Plaintiff's retaliation claim fails as a matter of law, under either Title VII or WLAD, because he fails to show he engaged in a protected activity. Plaintiff never made a complaint of discrimination or otherwise opposed, in some way, conduct made unlawful by those statutes. Elvig , 375 F.3d at 965. Therefore, he cannot establish a prima facie case for retaliation. The Court DISMISSES this claim.

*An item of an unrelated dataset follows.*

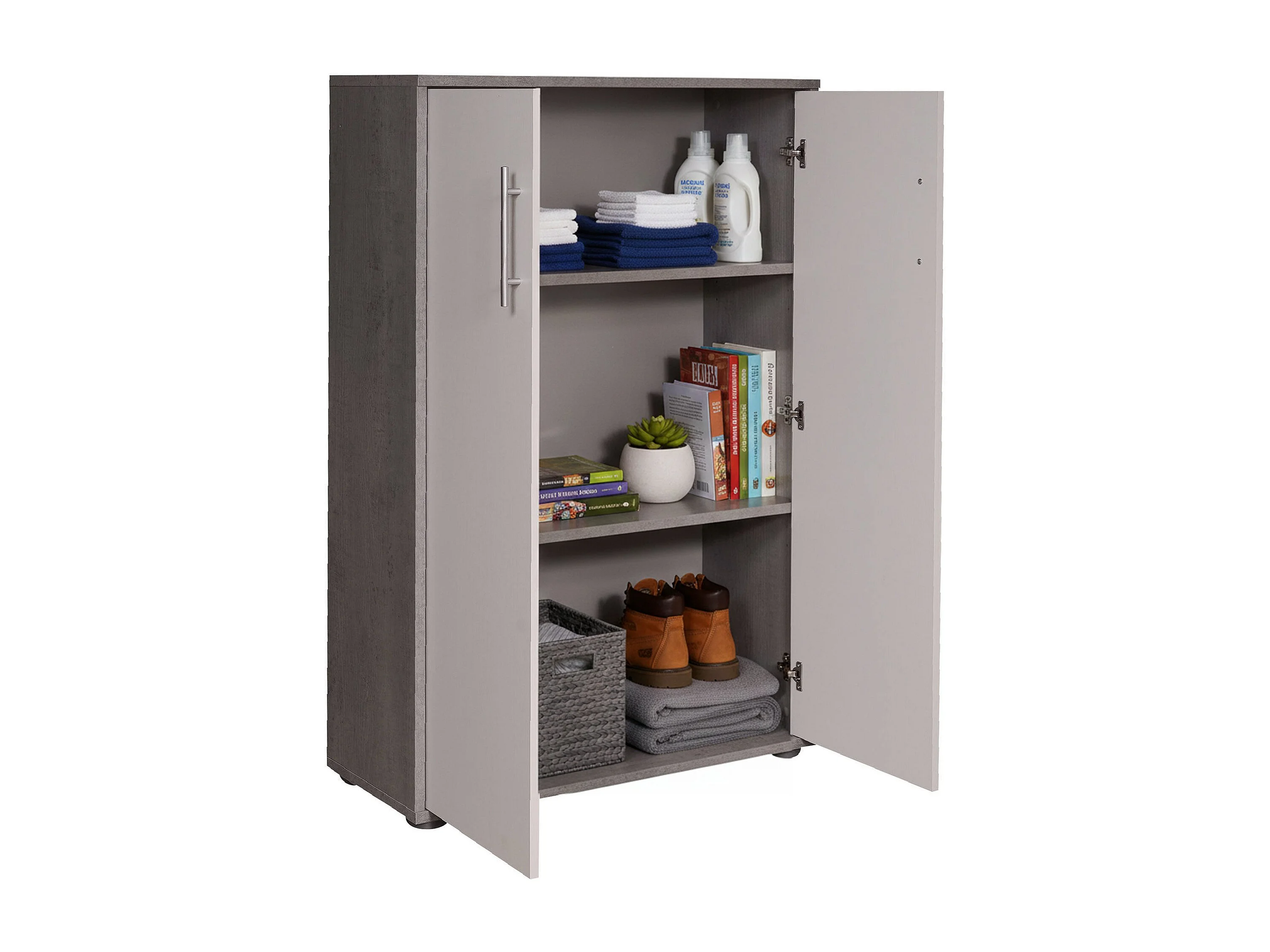 2-türiger MehrzweckschrankCambrils, Hilfsschrank, Schuhschrank, Multifunktions-Bücherregal mit 2 Türen, 79x34h118 cm, Zement und Weiß

E. Breach of Contract Claim

Plaintiff's breach of contract claim presents no triable issues because he fails to show Crystal Equation breached their agreement with him. Plaintiff appears to claim the agreement was breached when Crystal Equation failed to provide two weeks' notice before terminating his employment. (Dkt. No. 127 at 12.) He also claims AT&T's requests to generate security certificates also breached a contract, because those tasks were not included in his job description. (Id.)

"The touchstone of contract interpretation is the parties' intent." Tanner Elec. Coop. v. Puget Sound Power & Light Co. , 128 Wn.2d 656, 674 (1996). Washington courts follow the "objective manifestation" theory of contracts. Hearst Commc'ns, Inc. v. Seattle Times Co. , 154 Wn.2d 493, 503 (2005). A valid contract requires an objective manifestation of mutual assent to its terms, rather than any unexpressed subjective intent of the parties. Hearst , 154 Wn.2d at 503. Courts will not impose obligations that the parties did not assume for themselves. Condon v. Condon , 177 Wn.2d 150, 162-63 (2013). A formation of a contract requires that there be an objective manifestation of mutual assent of both parties. P.E. Sys., LLC v. CPI Corp. , 176 Wn.2d 198, 207 (2012). Words in a contract are given their ordinary, usual, and popular meaning unless the entirety of the agreement clearly demonstrates a contrary intent. Hearst , 154 Wn.2d at 504.

Plaintiff fails to show the first element of a contract claim, breach. As to the assertion he was entitled to two weeks' notice, the plain language of the Agreement between the Parties forecloses the claim:

Employment at-will may be terminated at the will of either the employer or the Employee. Employment and compensation may be terminated with or without cause and with or without notice at any time by you or Crystal.

(Dkt. No. 107-1 at 45.) Likewise, Plaintiff's claim regarding a subsequent oral agreement altering that term of his employment, is also precluded by the Agreement. (Id. at 46.) ("I acknowledge that no statements or representations regarding my employment can alter the foregoing [at will status].") Plaintiff cannot make a claim for breach of contract.

Nor does Plaintiff show the job advertisement was itself an enforceable contract, which limited the tasks AT&T could request he perform. (Dkt. No. 106-1 at 166.) The job advertisement was sent to Plaintiff in an email with the explanation: "Shaw, Ronald Barchi would like to interview Shaw Rahman for service request 52308 (View Reply). The Vendor is Crystal Equation Corporation...." (Id.) The job advertisement provided a list of minimum requirements and contained a resume submittal deadline. (Id.) The record before this Court contains no evidence of mutual assent that the job advertisement constituted a contract or that the parties intended to limit the scope of Plaintiff's job responsibilities to that document. See Hearst , 154 Wn.2d at 504.

The Court GRANTS the motion as to the breach of contract claim.

Conclusion

Because there are no genuine issues of material fact on any of Plaintiff's claims, the Court GRANTS summary judgment in favor of Defendants. The clerk is ordered to provide copies of this order to all counsel.